Prolific writer with many hats, winner of the Governor General’s Award for her children’s novel A summer of love and ashesAline Apostolska focuses here on the fate of young Anastasia who, in May 1968, was 8 years old and living with her parents in Paris, after having been raised by her paternal grandparents in Athens.



While demonstrators invade the streets of the capital, she enjoys life in the beautiful neighborhoods, living under the roof of a rich owner who employs her parents.

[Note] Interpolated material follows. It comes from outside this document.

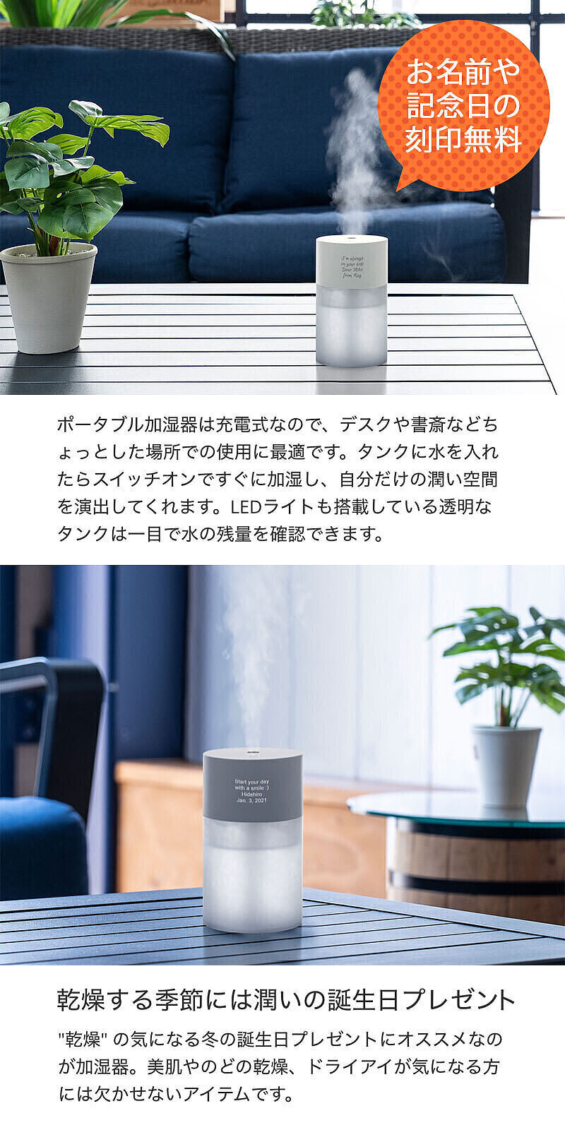 いつでもどこでも手軽に使える充電式の加湿器です。コードレスなので場所を選ばず使えて様々なシーンで大活躍してくれます。

But all is not rosy in this home dominated by a violent and tyrannical father… Then, time skip, we find her years later, between Montreal and New York, on the verge of sixty.

One thing leading to another, she reconstructs in reverse the years that have passed, to finally return to the troubled circumstances surrounding her departure from Paris.

Through this skillfully constructed story, the author draws a journey filled with estrangements and escapes. Her father’s flight, her mother’s, and finally her own – her whole life was nothing but a headlong flight, Anastasia will think in hindsight. But the past ends up catching up with her and the only possible outcome is to stop fleeing to meet her.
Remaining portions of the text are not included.